Ti Alkire and Carol Rosen trace the changes that led from colloquial Latin to five major Romance languages, those which ultimately became national or transnational Spanish, French, Italian, Portuguese, and Romanian. Trends in spoken Latin altered or dismantled older categories in phonology and morphology, while the regional varieties of speech, evolving under diverse influences, formed new grammatical patterns, each creating its own internal regularities. Documentary sources for spoken Latin show the beginnings of this process, which comes to full fruition in the medieval emergence of written Romance languages. This book newly distills the facts into an appealing program of study, including exercises, and makes the difficult issues clear, taking well motivated and sometimes innovative stands. It provides not only an essential guide for those new to the topic, but also a reliable compendium for the specialist.

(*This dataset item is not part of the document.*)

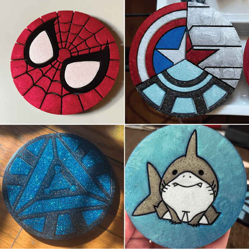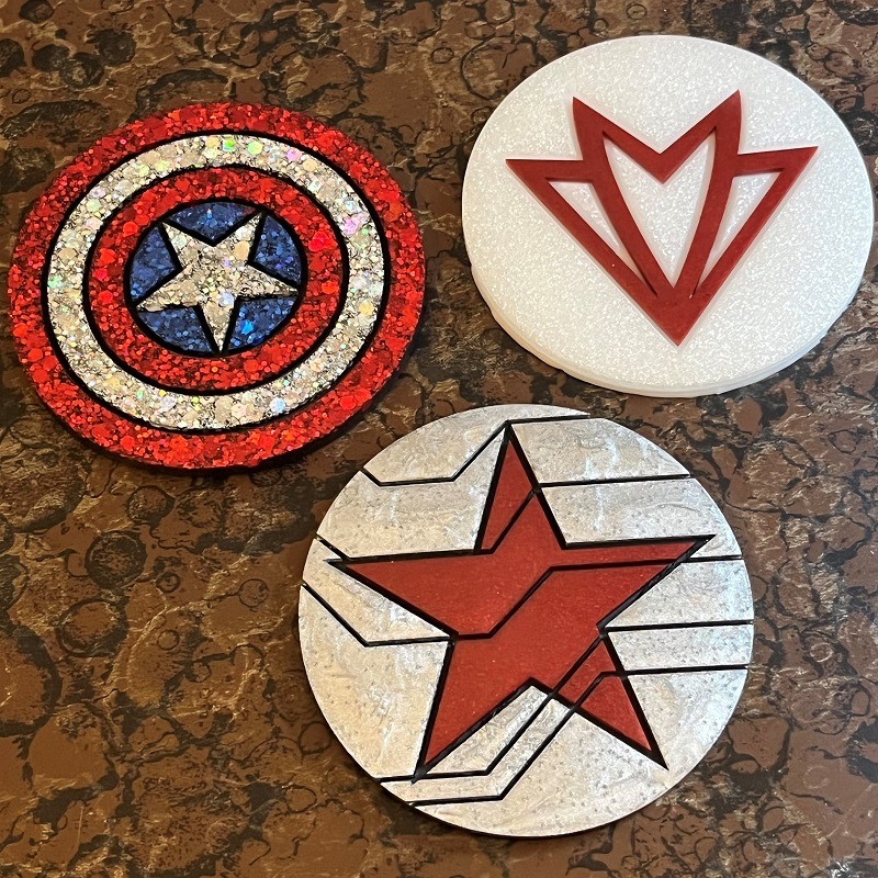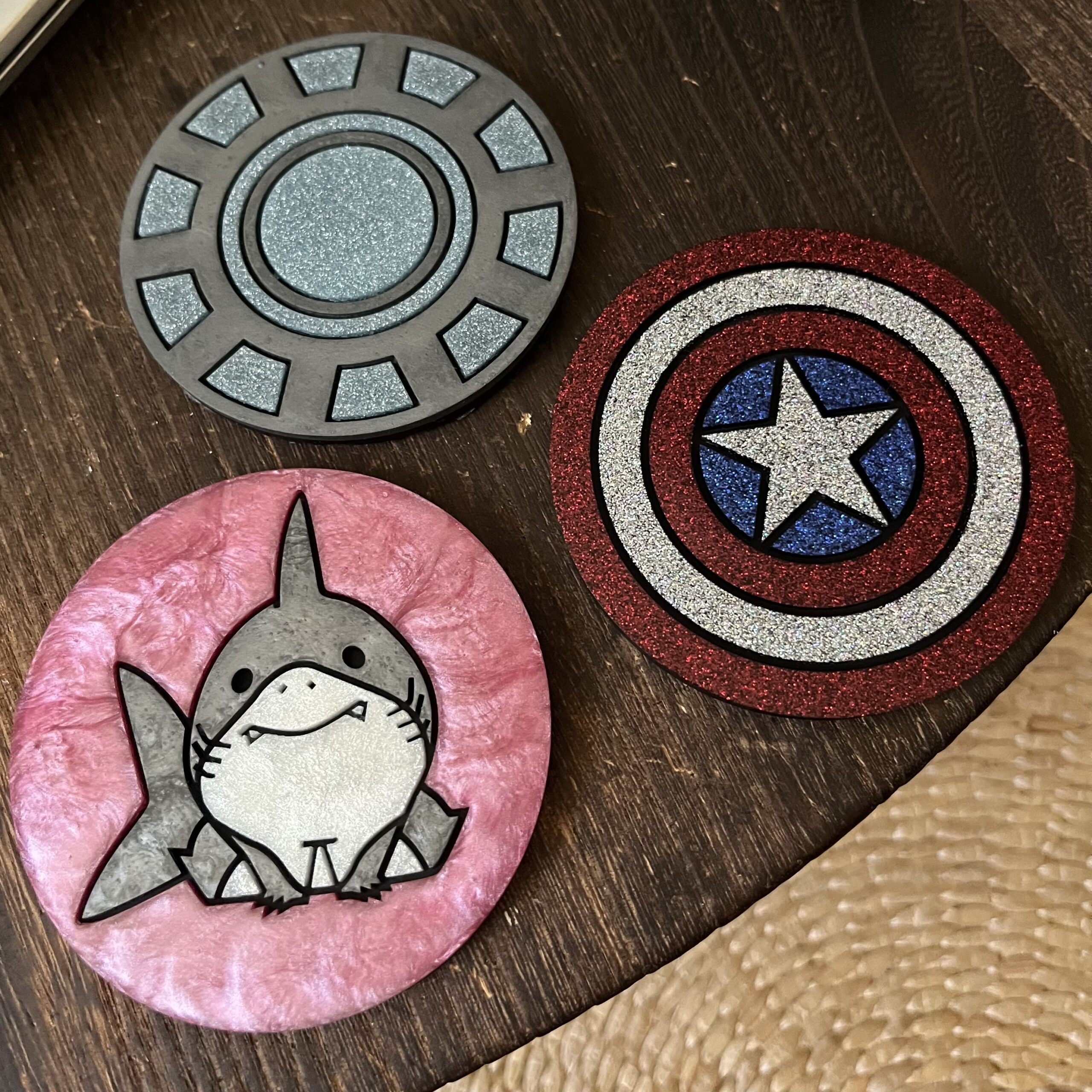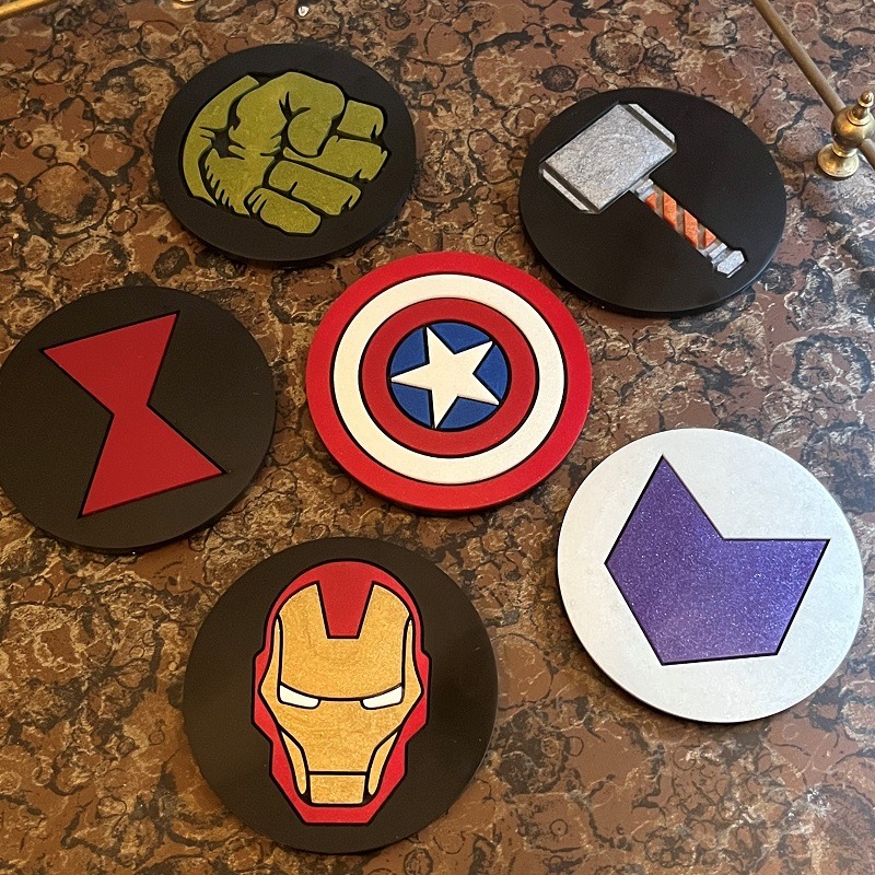 - I am offering a customized set of 6 epoxy resin coasters featuring symbols of Marvel characters. The coasters are 3.5 inches across and are backed with cork to prevent them from slipping or scratching. You get to choose the color scheme and the character symbols from this list below. If you want the original 6 Avengers in holographic glitter, I can do that – if you want six Iron Man helmets in a rainbow of colors, I can do that too!

A good book actually! I managed to appreciate it even more after having read a terrible book in Italian about the same topic... So the book gives a good insight about how the Vulgar Latin turns into various regional vernaculars who each on their own account turned into neo-Latin languages eventually getting down to what we know today as Italian, Spanish, French and Catalan... Although there are several other languages descending from Latin this book limits its prospective to those which have a high number of speakers or a more extended literary backgrounds. You do not necessarily need a broad Latin knowledge to keep up with it.
ROMANCE LANGUAGES: A Historical Introduction by Ti Alkire and Carol Rosen is a textbook describing the phonological and morphological changes that produced the major varieties of Romance out of late Vulgar Latin. The textbook assumes prior experience with linguistics (namely a general linguistics course and a historical linguistics course) and at least a couple of years of Classical Latin. There's quite a few Romance languages, some of which are little-known. The authors have chosen to focus on five in this textbook: Italian, French, Spanish, Portuguese and Romanian. Occitan, Rhaeto-Romance, Aromanian and Dalmatian, not to mention the host of regional Italian dialects that could be viewed as separate languages, are thus not covered. The first eight chapters cover Italian, French and Spanish together. The remaining two languages, Portuguese and Romanian, get their own chapters, though the Italian-French-Spanish portion is a necessary prerequisite as terminology introduced in the first portion of the book is frequently referred to. The final chapters cover the formation of the Romance lexicon and the timeline of the emergence of the Romance languages.
It is nice to see Romanian covered in such detail, with some mention even of dialectal features and obscure verb conjugations. Unfortunately the authors have unquestionably adopted Dacian Continuity Theory -- the belief that Romanians are descendants of the indigenous population vanquished by Trajan, instead of migrants from considerably further south who reached their present home nearly a millennium later. This leads the authors to make all kinds of claims about what kind of Latin "reached Dacia".
While I read the book outside of a course, I nonetheless enjoyed its textbook features. There are exercises at the end of each chapter that let you flex your diachronic linguistics muscles, and the authors present a good many mnemonic devices to help you retain the sound changes. The bibliography at the end will spur you on to more specialized treatment of these historical phenomena.
Good book for class. Tons of examples and stuff on most linguistic domains, but deducting a point for the glaring omission of historical and regional pragmatics
An excellent guide and reference to the historical development of the Romance languages. Indispensable reference for historical (Romance) linguists, Latinists, and anyone else interested in the transition from Latin to the Romance languages; also, a good starting point for those interested in the historical linguistics of a specific Romance language.